The text was updated successfully, but these errors were encountered:

rajeevsrao · 2023-03-18T01:06:14Z

@Vozf did you also upgrade to TensorRT 8.6.0?
python3 -c 'import tensorrt as trt;print(trt.__version__)' should give you 8.6.0.

Vozf · 2023-03-18T08:40:04Z

Yeah you were right, I've had 8.5.3. It seems this "Optional" step in the instruction isn't so optional
Unfortunately, I've upgraded and now get the following error

[I] Saving engine to engine/clip.plan                                                                                                                             [4/1859]
Building TensorRT engine for onnx/unet.opt.onnx: engine/unet.plan                                                                                                         
[libprotobuf WARNING google/protobuf/io/coded_stream.cc:604] Reading dangerously large protocol message.  If the message turns out to be larger than 2147483647 bytes, par
sing will be halted for security reasons.  To increase the limit (or to disable these warnings), see CodedInputStream::SetTotalBytesLimit() in google/protobuf/io/coded_st
ream.h.                                                                                                                                                                   
[libprotobuf WARNING google/protobuf/io/coded_stream.cc:81] The total number of bytes read was 1733934759                                                                 
[libprotobuf WARNING google/protobuf/io/coded_stream.cc:604] Reading dangerously large protocol message.  If the message turns out to be larger than 2147483647 bytes, par
sing will be halted for security reasons.  To increase the limit (or to disable these warnings), see CodedInputStream::SetTotalBytesLimit() in google/protobuf/io/coded_st
ream.h.                                                                                                                                                                   
[libprotobuf WARNING google/protobuf/io/coded_stream.cc:81] The total number of bytes read was 1733934759                                                                 
[W] onnx2trt_utils.cpp:400: One or more weights outside the range of INT32 was clamped                                                                                    
[I]     Configuring with profiles: [Profile().add('sample', min=(2, 4, 64, 64), opt=(2, 4, 64, 64), max=(32, 4, 64, 64)).add('encoder_hidden_states', min=(2, 77, 1024), o
pt=(2, 77, 1024), max=(32, 77, 1024)).add('timestep', min=[1], opt=[1], max=[1])]                                                                                         
[I] Building engine with configuration:                                                                                                                                   
    Flags                  | [FP16]                                                                                                                                       
    Engine Capability      | EngineCapability.DEFAULT                                                                                                                         Memory Pools           | [WORKSPACE: 6934.31 MiB, TACTIC_DRAM: 11170.44 MiB]                                                                                          
    Tactic Sources         | []                                                                                                                                               Profiling Verbosity    | ProfilingVerbosity.DETAILED                                                                                                                  
    Preview Features       | [DISABLE_EXTERNAL_TACTIC_SOURCES_FOR_CORE_0805]                                                                                              
[E] 10: Could not find any implementation for node {ForeignNode[/down_blocks.0/attentions.0/norm/Constant_1_output_0 + (Unnamed Layer* 1216) [Shuffle].../down_blocks.0/re
snets.1/conv1/Cast]}.                                                                                                                                                     
[E] 10: [optimizer.cpp::computeCosts::3873] Error Code 10: Internal Error (Could not find any implementation for node {ForeignNode[/down_blocks.0/attentions.0/norm/Consta
nt_1_output_0 + (Unnamed Layer* 1216) [Shuffle].../down_blocks.0/resnets.1/conv1/Cast]}.)                                                                                 
[!] Invalid Engine.
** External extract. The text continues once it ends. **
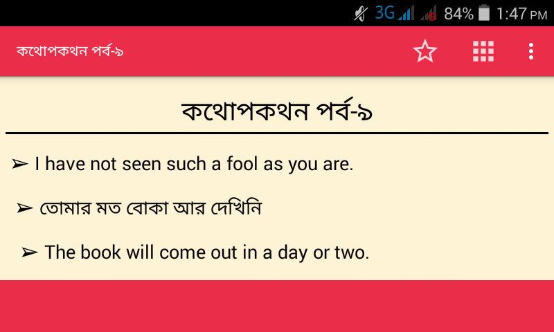 বাংলা থেকে ইংরেজি এবং ইংরেজি থেকে বাংলায় প্রতিদিনের ব্যবহৃত অফিসে, কর্মস্থানে, বাসা-বাড়ীতে এবং চলার পথে ১,৫০০ গুরুত্বপূর্ণ বাক্যের অনুবাদ।

Please ensure the engine was built correctly                                                                                                          
Traceback (most recent call last):                                                                                                                                        
  File "demo_txt2img.py", line 76, in <module>                                                                                                                            
    demo.loadEngines(args.engine_dir, args.onnx_dir, args.onnx_opset,                                                                                                     
  File "/workspace/projects/pixomatic/TensorRT/demo/Diffusion/stable_diffusion_pipeline.py", line 290, in loadEngines                                                     
    engine.build(onnx_opt_path,                                                                                                                                           
  File "/workspace/projects/pixomatic/TensorRT/demo/Diffusion/utilities.py", line 206, in build                                                                           
    engine = engine_from_network(                                                                                                                                         
  File "<string>", line 3, in engine_from_network                                                                                                                         
  File "/usr/local/lib/python3.8/dist-packages/polygraphy/backend/base/loader.py", line 42, in __call__                                                                   
    return self.call_impl(*args, **kwargs)                                                                                                                                
  File "/usr/local/lib/python3.8/dist-packages/polygraphy/backend/trt/loader.py", line 530, in call_impl                                                                  
    return engine_from_bytes(super().call_impl)                                                                                                                           
  File "<string>", line 3, in engine_from_bytes                                                                                                                           
  File "/usr/local/lib/python3.8/dist-packages/polygraphy/backend/base/loader.py", line 42, in __call__                                                                   
    return self.call_impl(*args, **kwargs)                                                                                                                                
  File "/usr/local/lib/python3.8/dist-packages/polygraphy/backend/trt/loader.py", line 554, in call_impl                                                                  
    buffer, owns_buffer = util.invoke_if_callable(self._serialized_engine)                                                                                                
  File "/usr/local/lib/python3.8/dist-packages/polygraphy/util/util.py", line 661, in invoke_if_callable                                                                  
    ret = func(*args, **kwargs)                                                                                                                                           
  File "/usr/local/lib/python3.8/dist-packages/polygraphy/backend/trt/loader.py", line 488, in call_impl                                                                  
    G_LOGGER.critical("Invalid Engine. Please ensure the engine was built correctly")                                                                                     
  File "/usr/local/lib/python3.8/dist-packages/polygraphy/logger/logger.py", line 597, in critical                                                                        
    raise PolygraphyException(message) from None                                                                                                                          
polygraphy.exception.exception.PolygraphyException: Invalid Engine. Please ensure the engine was built correctly

aredden · 2023-03-22T00:24:05Z

I had a similar error-

[I]     Configuring with profiles: [Profile().add('sample', min=(2, 4, 32, 32), opt=(2, 4, 80, 64), max=(2, 4, 192, 192)).add('encoder_hidden_states', min=(2, 77, 768), opt=(2, 77, 768), max=(2, 77, 768)).add('timestep', min=[1], opt=[1], max=[1])]
[I] Building engine with configuration:
    Flags                  | [FP16, REFIT]
    Engine Capability      | EngineCapability.DEFAULT
    Memory Pools           | [WORKSPACE: 19704.19 MiB, TACTIC_DRAM: 24217.31 MiB]
    Tactic Sources         | [CUBLAS, CUBLAS_LT, CUDNN, EDGE_MASK_CONVOLUTIONS, JIT_CONVOLUTIONS]
    Profiling Verbosity    | ProfilingVerbosity.DETAILED
    Preview Features       | [FASTER_DYNAMIC_SHAPES_0805, DISABLE_EXTERNAL_TACTIC_SOURCES_FOR_CORE_0805]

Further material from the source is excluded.